======== DATA RECORDS
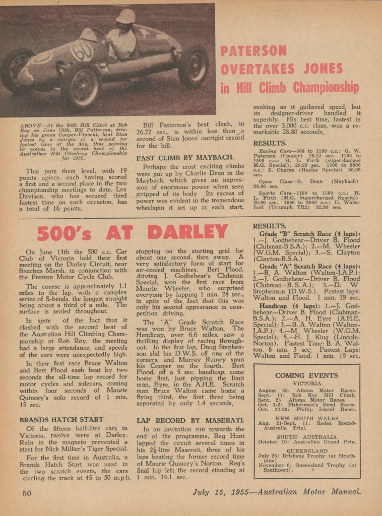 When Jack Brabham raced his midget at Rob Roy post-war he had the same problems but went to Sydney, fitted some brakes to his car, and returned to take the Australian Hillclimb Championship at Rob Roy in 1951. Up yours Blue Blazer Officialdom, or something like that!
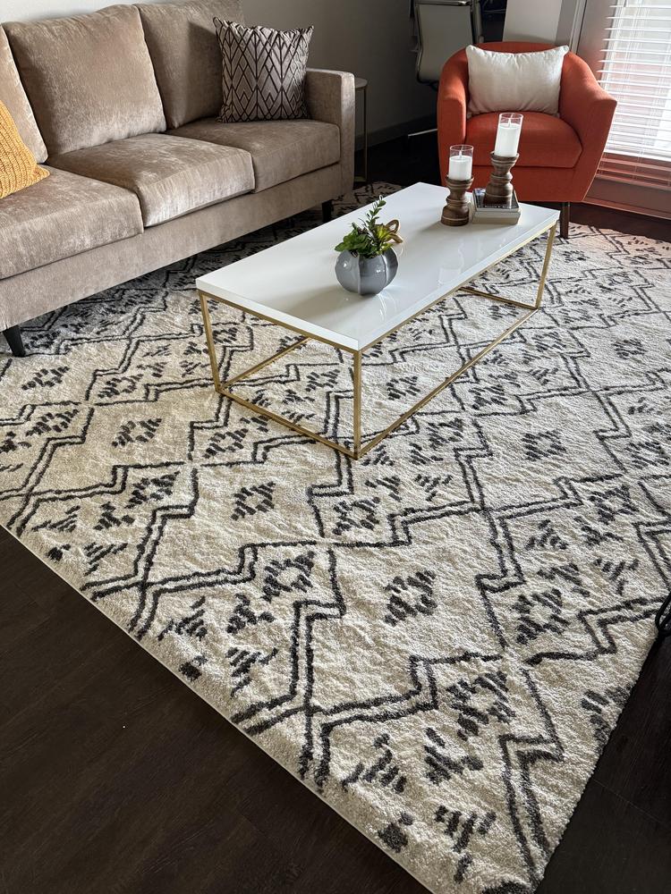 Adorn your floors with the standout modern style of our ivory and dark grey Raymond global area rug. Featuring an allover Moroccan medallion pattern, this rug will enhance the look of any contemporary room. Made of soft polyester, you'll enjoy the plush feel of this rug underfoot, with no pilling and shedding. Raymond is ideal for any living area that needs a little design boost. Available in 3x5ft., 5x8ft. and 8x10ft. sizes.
================
======== DATA RECORDS
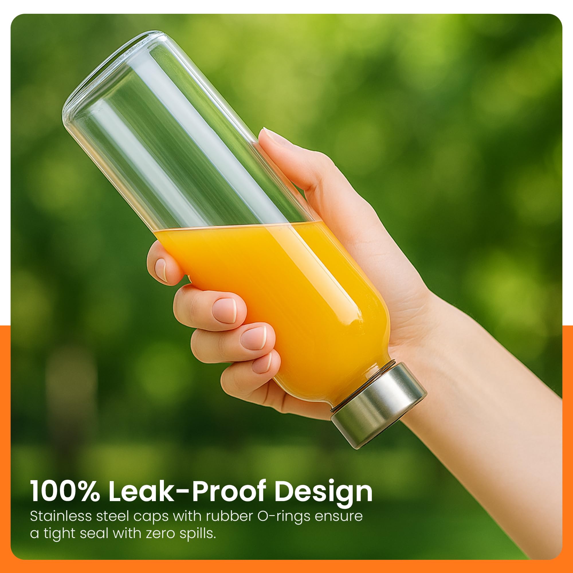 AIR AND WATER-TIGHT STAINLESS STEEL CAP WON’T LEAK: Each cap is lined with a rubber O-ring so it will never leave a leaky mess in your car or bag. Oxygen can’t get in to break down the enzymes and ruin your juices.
================
▶ **REQUIREMENT**
Treat the line with "When Jack Brabham" as the start and the line with "Adorn your floors" as the end, and return exactly that span of the data above, both ends included, without pictures.

▶ **THE ANSWER**
 When Jack Brabham raced his midget at Rob Roy post-war he had the same problems but went to Sydney, fitted some brakes to his car, and returned to take the Australian Hillclimb Championship at Rob Roy in 1951. Up yours Blue Blazer Officialdom, or something like that!
 Adorn your floors with the standout modern style of our ivory and dark grey Raymond global area rug. Featuring an allover Moroccan medallion pattern, this rug will enhance the look of any contemporary room. Made of soft polyester, you'll enjoy the plush feel of this rug underfoot, with no pilling and shedding. Raymond is ideal for any living area that needs a little design boost. Available in 3x5ft., 5x8ft. and 8x10ft. sizes.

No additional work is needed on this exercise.